Suho Lee

Karma: 4

Suho Lee 15 Jun 2026 17:26 UTC
2 points
0
on: How does congressmember use AI?
More experienced, long-term politicians tend to have a dedicated writing team, who may be less open to use AI in writing speeches. It would be interesting if we divide politicians by the level of experience and see how these statistics appear.

Suho Lee 27 May 2026 7:19 UTC
4 points
0
on: When does debate help a weak judge? Evidence from code and logic
Interesting work.
One possible direction that would be interesting to explore: all your pairings are same-family. Same-family models likely share some core reasoning, thus
1) debate transcript from the stronger models might help the weaker judge from the same-family more than the one from different families as same-family models might understand each other better,
2) but they might also share failure modes, meaning a same-family critic might be systematically blind to the same errors as the weaker judge.
A cross-family testing might surface qualitatively different objections, potentially widening or narrowing the classifier gap.

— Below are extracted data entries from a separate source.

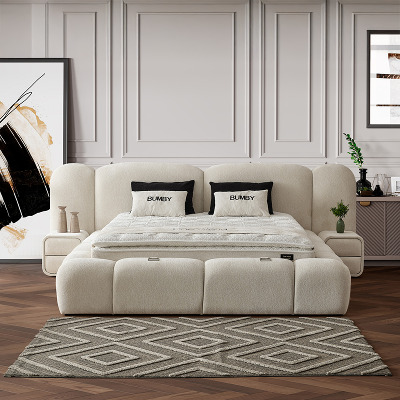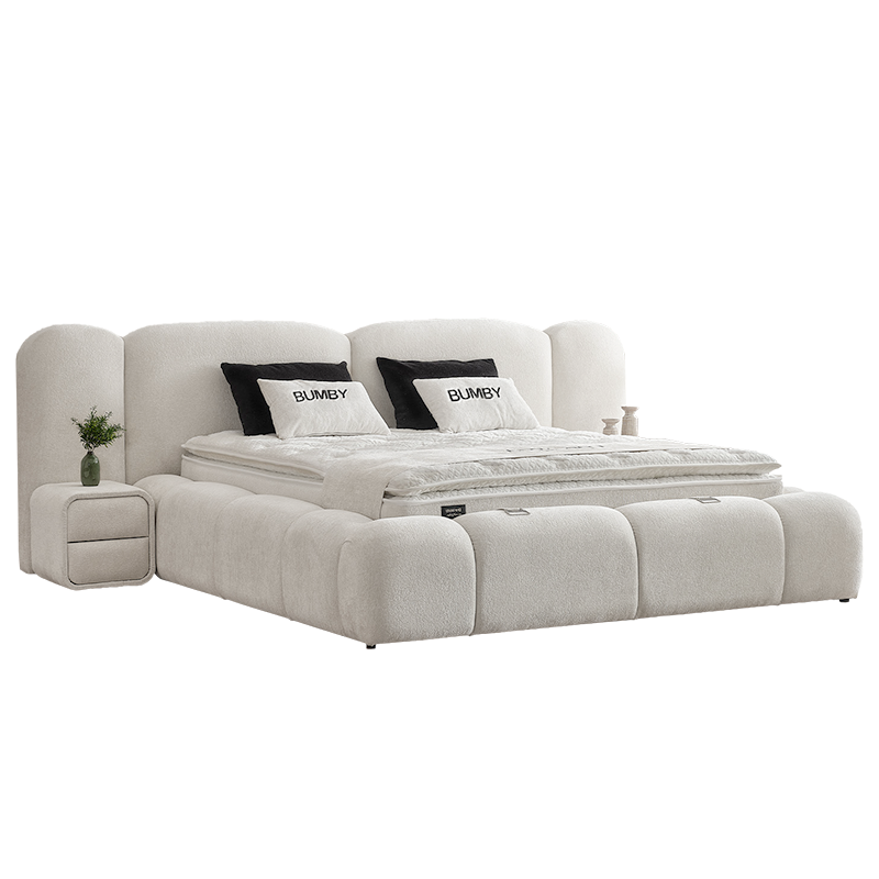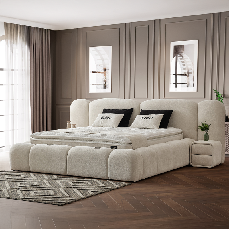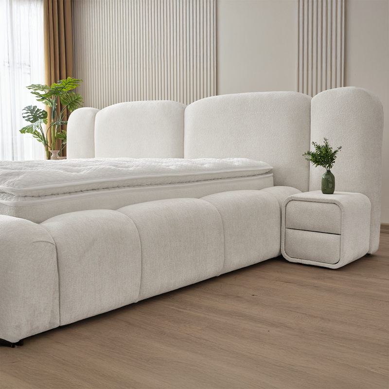 е въплъщение на модерния лукс – изваяна в силует, напомнящ облак, с меки обгръщащи бордове и изискана тапицерия от висококачествена дамаска. не само с естетика, но и с функционалност – включен е умерено мек матрак, подматрачна рамка с амортисьори и практична ракла за съхранение. комфорт и изтънчен дизайн, превръщайки всяка спалня в пространство за релакс и вдъхновение. се допълва с нощното шкафче от серията. информация за размерите и характеристиките на модела ще намерите в таблицата в таб/поле информация’.
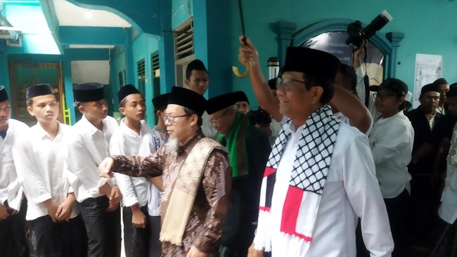 Kedatangan Mahfud juga disambut oleh Mantan Gubernur Banten Rano Karno. Para santri tampak turut serta menyambut kedatangannya. Tak hanya itu ratusan jama'ah tampak menyambut kedatangan Mahfud.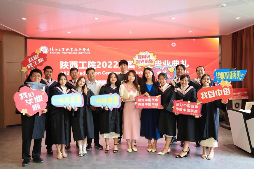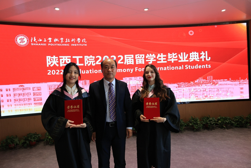 典礼上,校长刘永亮为留学生逐一颁发了毕业证书、纪念品并合影留念。副校长梅创社为优秀毕业生颁发了荣誉证书,为校友联络员颁发了聘书。党委副书记田昊代表学校祝贺各位留学生顺利完成学业,祝福他们梦圆当下、前程锦绣、长乐未央。希望他们在新的征程上,不负过往、不畏将来;接纳变化,迎接挑战;心向卓越,追逐梦想;交流互鉴,乘风破浪。他殷切祈盼同学们承载母校的荣光、铭记师长的嘱托,用青春续写“陕工品牌”的华美篇章。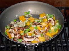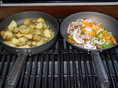 In a seprate pan, heated on the grill, at about 30 minutes into the potato cooking time add the yellow bell pepper, green onion, crimini mushroom and yellow onion. I didn't add any oil to cook in as I basically wanted to just cook these slightly. The new “Man Pans” didn't require any. Another pinch or so of salt and pepper here also. I wouldn't cook the vegetables more than 8 – 10 minutes.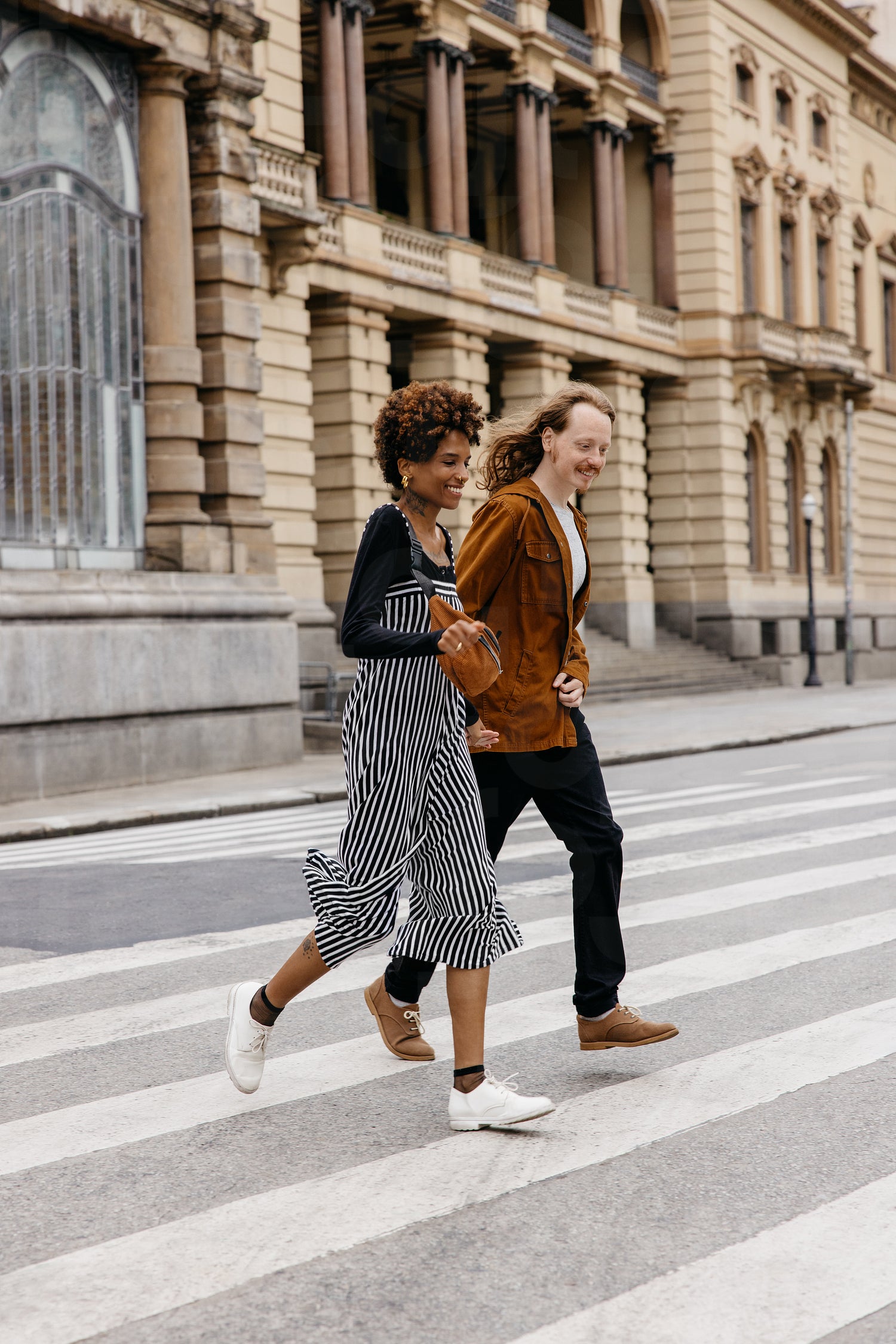 Stylish couple crossing the street in a cozy urban scene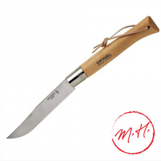 Toute la tradition Opinel déclinée en version géante : Un manche en hêtre verni naturel, des formes galbées et douces, une lame fine et précise en acier inoxydable Sandvik 12C27 modifié qui lui procure une qualité de coupe nette et soyeuse et doté d'un lien de cuir pour le balader partout avec vous.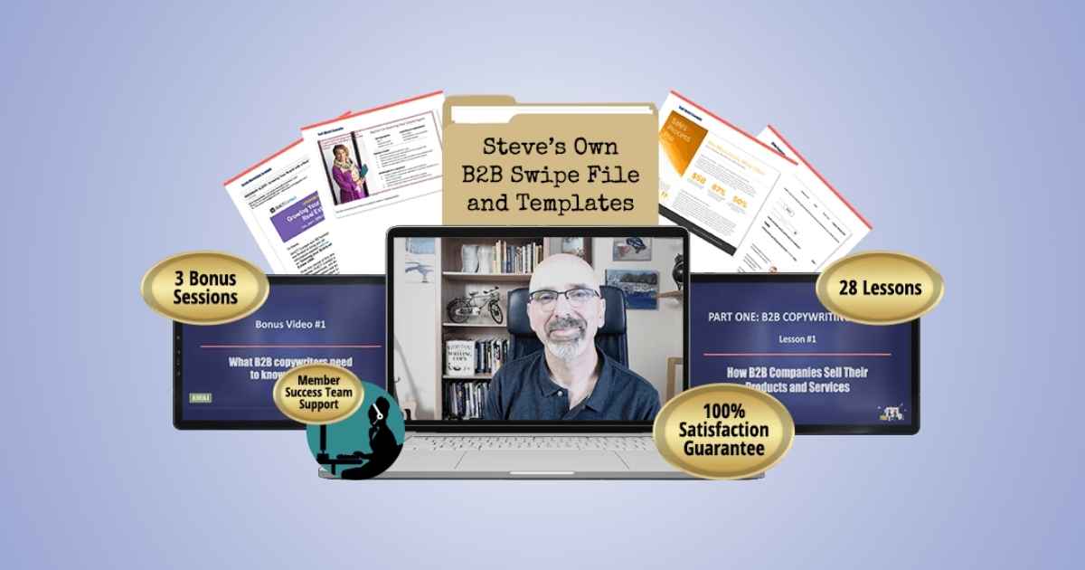 And Steve’s Modern B2B Copywriting is everything you need — a complete “writer’s business in a box.”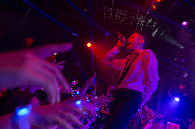 オープニングからThe Cheshire Catのイメージカラーであるピンクと紫の照明がフロアを照らす中、バンドは激しいサウンドを繰り出していく。曲がサビに突入するとLEDリストバンドはピンクの光を放ち、さらに客席に向けてレーザーも飛び交うなど、序盤から派手な演出でライブを盛り上げていった。続くアップテンポの「Someday」では、観客がリズムに合わせてジャンプ。LEDリストバンドも曲のパートごとに、さまざまな色を放ち続けた。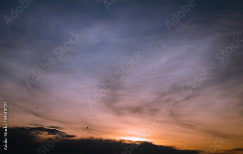 Fototapeta premium Sunset in the clouds in the form of tracks Sunset light Clouds in the form of...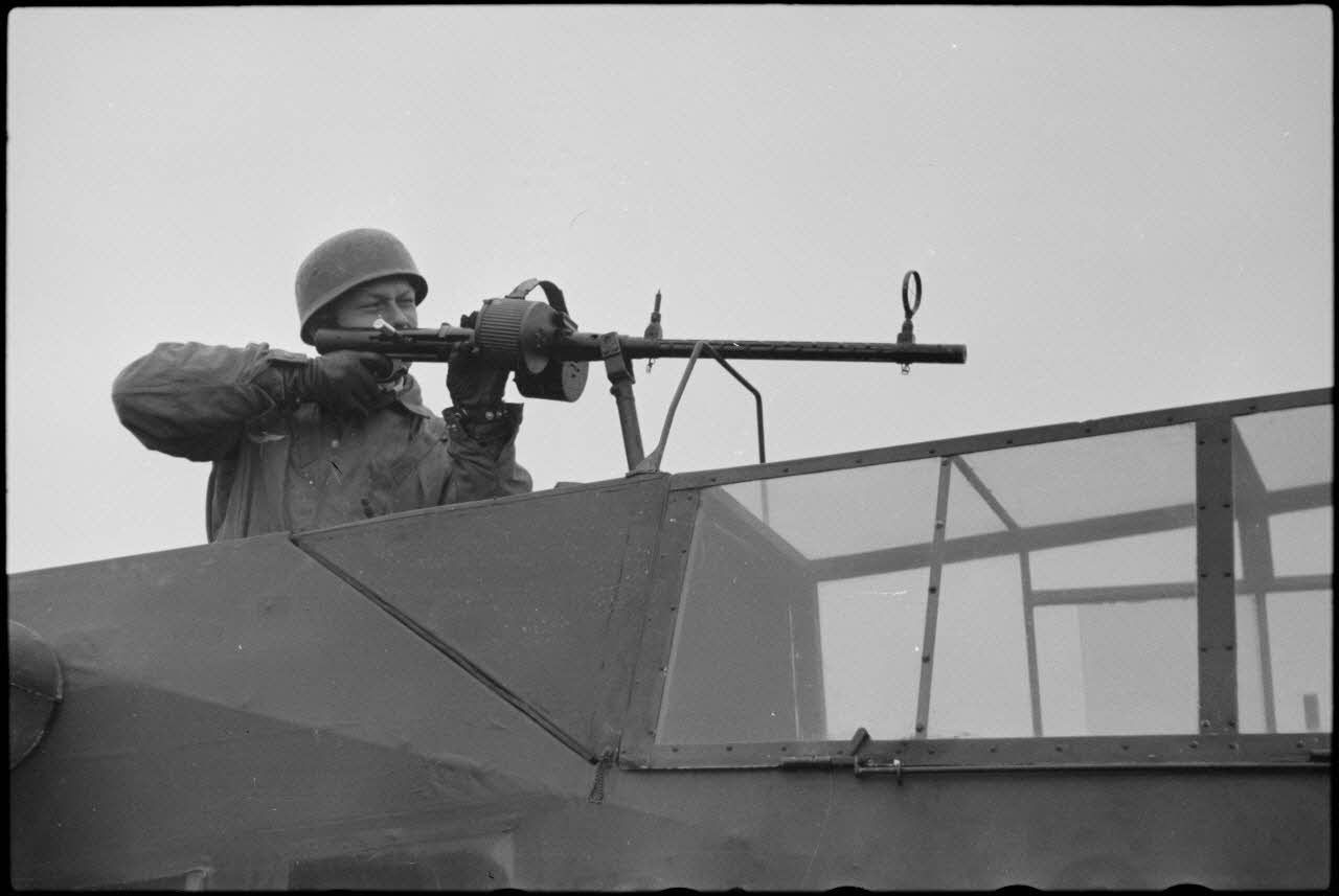 Sur un aérodrome norvégien, un parachutiste allemand (Fallschirmjäger) doté d'une mitrailleuse MG-15 peu avant un exercice de troupes aéroportées du Luftlandegeschwader 1 (8./LGG1).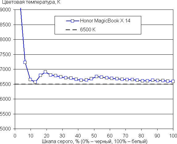После коррекции баланс оттенков на шкале серого стал лучше, так как цветовая температура еще больше приблизилась к стандартным 6500 К, и отклонение от спектра абсолютно черного тела (ΔE) снизилось. При этом цветовая температура и ΔE мало изменяются от оттенка к оттенку — это положительно сказывается на визуальной оценке цветового баланса. (Самые темные области шкалы серого можно не учитывать, так как там баланс цветов не имеет большого значения, да и погрешность измерений цветовых характеристик на низкой яркости большая.)
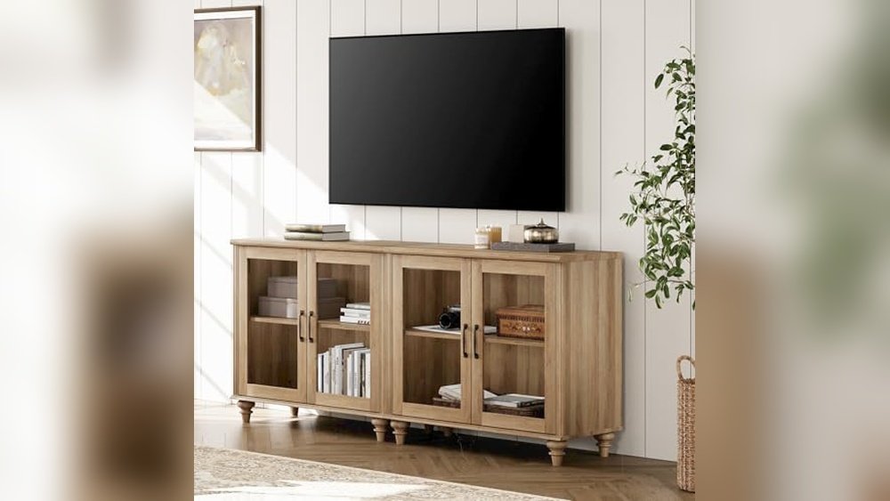 For those looking for the best TV cabinet with glass doors that combines vintage style and practical storage, this AMERLIFE farmhouse sideboard fits well in living rooms and dining areas.

Suho Lee 26 May 2026 6:58 UTC
1 point
0
on: The Case for Evaluating Model Behaviors
Can’t agree more.
One underappreciated reason behavior evals matter is for ‘questions with no ground truth’, they may be the only coherent approach.
Most evals have (or assume) a correct answer to measure against. But some of the most important things that we want to models to work on and get right have no ground truth (e.g. frontier scientific research, socioeconomic decisions...). How they handle contesting views and frameworks? How they represent uncertainty without over claiming? We definitely need these types of evaluations and focus on a ‘response shape’ for steering models to the right behavior.
And getting this right is not just safety and alignment perperty. A model that can handle open questions well is also a more capable model in the domains where it matters most.